**Aim of the exercise:**
Look through the data below and extract, unchanged, the lines from the one that contains "Однако, по нашей" to the one that contains "난소 혹은 대부분 양성이지만 조기 발견과 관리가 여성 건강 유지의 핵심입니다.", both included.

**Data under study:**
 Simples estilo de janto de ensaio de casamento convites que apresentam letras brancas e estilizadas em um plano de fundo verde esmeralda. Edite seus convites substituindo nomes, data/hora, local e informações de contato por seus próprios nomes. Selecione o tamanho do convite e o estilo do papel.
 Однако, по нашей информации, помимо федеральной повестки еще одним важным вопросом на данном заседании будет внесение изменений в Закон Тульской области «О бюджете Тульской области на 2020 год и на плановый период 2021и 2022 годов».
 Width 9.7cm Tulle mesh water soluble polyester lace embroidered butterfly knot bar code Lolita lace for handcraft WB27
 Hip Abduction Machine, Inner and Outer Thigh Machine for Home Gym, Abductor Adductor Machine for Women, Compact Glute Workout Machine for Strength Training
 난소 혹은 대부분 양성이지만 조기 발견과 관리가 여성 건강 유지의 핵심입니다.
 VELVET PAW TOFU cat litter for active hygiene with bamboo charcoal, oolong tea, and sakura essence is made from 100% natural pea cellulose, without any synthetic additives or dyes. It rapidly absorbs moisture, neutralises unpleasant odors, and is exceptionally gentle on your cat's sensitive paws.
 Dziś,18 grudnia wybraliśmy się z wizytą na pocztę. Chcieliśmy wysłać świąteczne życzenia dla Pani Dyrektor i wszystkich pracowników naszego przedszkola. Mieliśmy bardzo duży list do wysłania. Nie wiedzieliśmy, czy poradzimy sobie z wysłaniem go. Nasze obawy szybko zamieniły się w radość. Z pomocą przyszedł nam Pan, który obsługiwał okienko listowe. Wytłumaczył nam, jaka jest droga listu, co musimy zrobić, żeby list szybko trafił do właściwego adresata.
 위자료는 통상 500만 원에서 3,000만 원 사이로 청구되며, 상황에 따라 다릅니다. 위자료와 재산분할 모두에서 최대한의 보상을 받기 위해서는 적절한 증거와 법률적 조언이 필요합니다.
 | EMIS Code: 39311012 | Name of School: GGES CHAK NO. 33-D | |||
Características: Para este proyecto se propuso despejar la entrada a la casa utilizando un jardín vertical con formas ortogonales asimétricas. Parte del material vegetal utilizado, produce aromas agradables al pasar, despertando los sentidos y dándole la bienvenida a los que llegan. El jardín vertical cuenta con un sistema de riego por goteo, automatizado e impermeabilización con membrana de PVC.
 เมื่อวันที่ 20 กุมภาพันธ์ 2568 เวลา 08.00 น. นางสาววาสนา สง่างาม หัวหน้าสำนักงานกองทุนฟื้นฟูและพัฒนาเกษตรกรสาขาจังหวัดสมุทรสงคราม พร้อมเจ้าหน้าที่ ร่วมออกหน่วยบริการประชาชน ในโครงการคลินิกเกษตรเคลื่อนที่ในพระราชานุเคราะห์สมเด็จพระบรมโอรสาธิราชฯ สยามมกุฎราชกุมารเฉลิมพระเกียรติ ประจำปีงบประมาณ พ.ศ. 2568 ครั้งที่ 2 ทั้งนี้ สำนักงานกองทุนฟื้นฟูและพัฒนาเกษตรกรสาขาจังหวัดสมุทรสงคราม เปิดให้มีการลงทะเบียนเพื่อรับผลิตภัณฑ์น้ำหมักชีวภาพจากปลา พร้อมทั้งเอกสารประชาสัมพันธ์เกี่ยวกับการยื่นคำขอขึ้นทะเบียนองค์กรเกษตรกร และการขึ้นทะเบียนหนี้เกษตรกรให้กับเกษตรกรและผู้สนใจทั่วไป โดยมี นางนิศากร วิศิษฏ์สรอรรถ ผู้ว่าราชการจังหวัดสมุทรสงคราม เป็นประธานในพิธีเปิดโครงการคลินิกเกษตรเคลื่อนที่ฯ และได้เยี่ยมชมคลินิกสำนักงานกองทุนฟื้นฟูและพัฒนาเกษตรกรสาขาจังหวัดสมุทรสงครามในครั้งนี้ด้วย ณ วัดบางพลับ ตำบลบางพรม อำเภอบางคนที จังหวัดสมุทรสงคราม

**Task result:**
 Однако, по нашей информации, помимо федеральной повестки еще одним важным вопросом на данном заседании будет внесение изменений в Закон Тульской области «О бюджете Тульской области на 2020 год и на плановый период 2021и 2022 годов».
 Width 9.7cm Tulle mesh water soluble polyester lace embroidered butterfly knot bar code Lolita lace for handcraft WB27
 Hip Abduction Machine, Inner and Outer Thigh Machine for Home Gym, Abductor Adductor Machine for Women, Compact Glute Workout Machine for Strength Training
 난소 혹은 대부분 양성이지만 조기 발견과 관리가 여성 건강 유지의 핵심입니다.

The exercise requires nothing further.